A coalition of heritage organisations has called for new measures to address the State’s intolerable failure to safeguard the country’s patrimony as guaranteed by the Constitution.

Our Legacy, a declaration signed recently by 22 organisations calls for a blanket presumption against the demolition of historic buildings in urban conservation areas, a binding list of scheduled properties and a public fund to allow the State to acquire key properties in exceptional circumstances.

It also rightly calls for the Superintendent of Cultural Heritage, an office that has been starved of resources ever since its inception, to be given more manpower and a stronger legislative framework to carry out its work and for protective planning mechanisms to be strengthened.

In launching this rallying cry to safeguard Malta’s patrimony, the president of the Chamber of Architects and Civil Engineers said: “This is not anti-development: there can be development that is in synergy with the past and our new development must be the heritage of the future. We’re not looking back; we’re looking forward.”

He stressed that the government must take stringent action to strengthen and protect the Constitution, which requires the State “to safeguard the landscape and the historical and artistic patrimony of the nation”.

The history of Malta’s environmental and spatial planning over the last 60 years is a dismal story of greed, exploitation, abuse, misgovernance and political ineptitude. Looking back in 20 or 30 years’ time, what substantive legacy will Prime Minister Joseph Muscat have left?

Will he be remembered only for the corruption allegations surrounding the Panama Papers? Or will his legacy also be marked by concrete, by architectural and cultural vandalism, the loss of Malta’s last vestiges of open countryside and further rapid degradation of the built and rural environment?

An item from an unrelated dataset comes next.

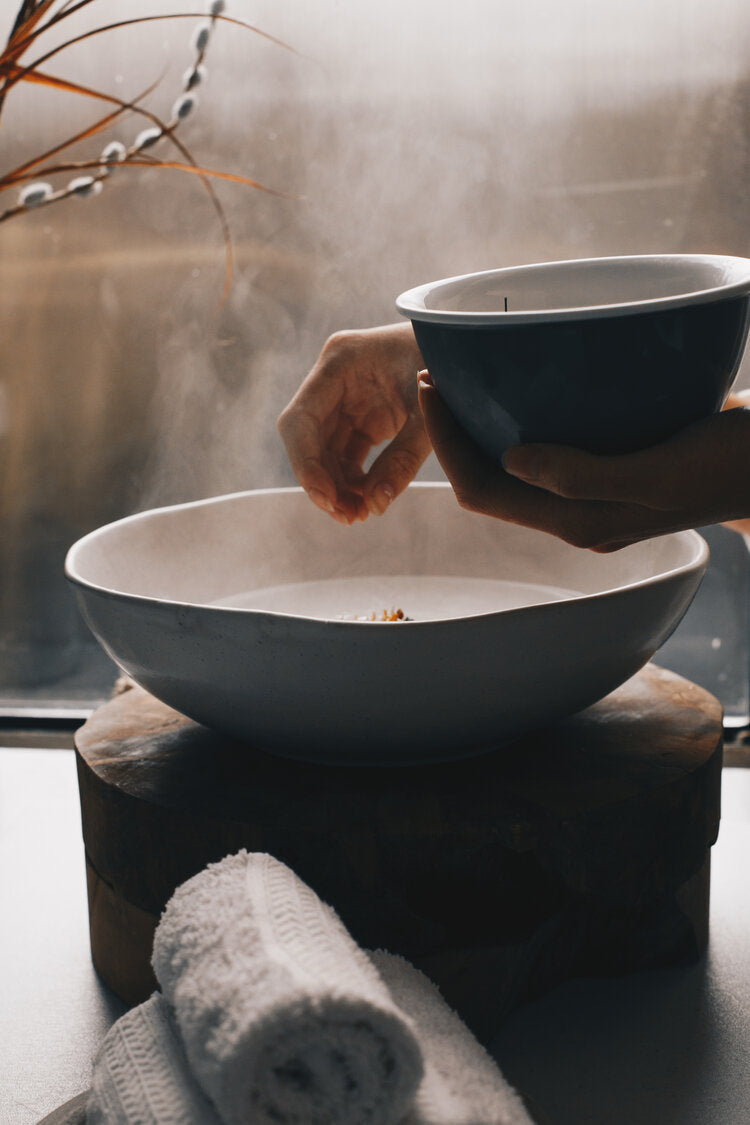 Two tablespoons to a bowl of boiling water. Reduce the heat to a simmer. Lean face about two inches over the bowl and drape a towel over your head to trap the steam. Enjoy for 5-10 minutes. Immediately rinse lukewarm water, gently pat dry, and apply a moisturizing cream or one of Sealuxe’s facial oils to maximize moisture.

Dr Muscat is understandably determined to push ahead with further economic and social reforms, which create stronger growth and wealth for the country. But he seems blind to Malta’s earlier abysmal history in planning.

Unless his government – with its fallacious talk of “Dubai and Singapore”, encouragement of high-rise buildings and a “new rural policy” – belatedly acknowledges the rampant over-development which has occurred over many decades and seeks explicitly to reverse or to slow it down, it will continue to make things worse. What price economic and social progress then?

Malta’s biodiversity and countryside continue to face land development and over-exploitation. Freshwater resources are threatened by over-abstraction, pollution from nitrates, lack of rainwater harvesting and poor infrastructure. As Our Legacy has highlighted, Malta’s architectural heritage is under threat from demolition, ugly design and new and restored buildings that undermine street character.

It is right to call for special attention to be given to traditional skylines in terms of building heights. Likewise, it is absolutely correct in calling for a blanket presumption against the demolition of buildings and gardens or the addition of extra floors in urban conservation areas.

The cultural landscape is being threatened by the extent of the encroaching built-up area, taller buildings and urban fringes that obstruct views of historic centres. The limited coastline has been abused and badly planned.

In the words of Our Legacy, “rapid changes are irreversibly transforming the distinctive architectural character, streetscape and skyline of our towns and villages” for the worse. Enough is enough.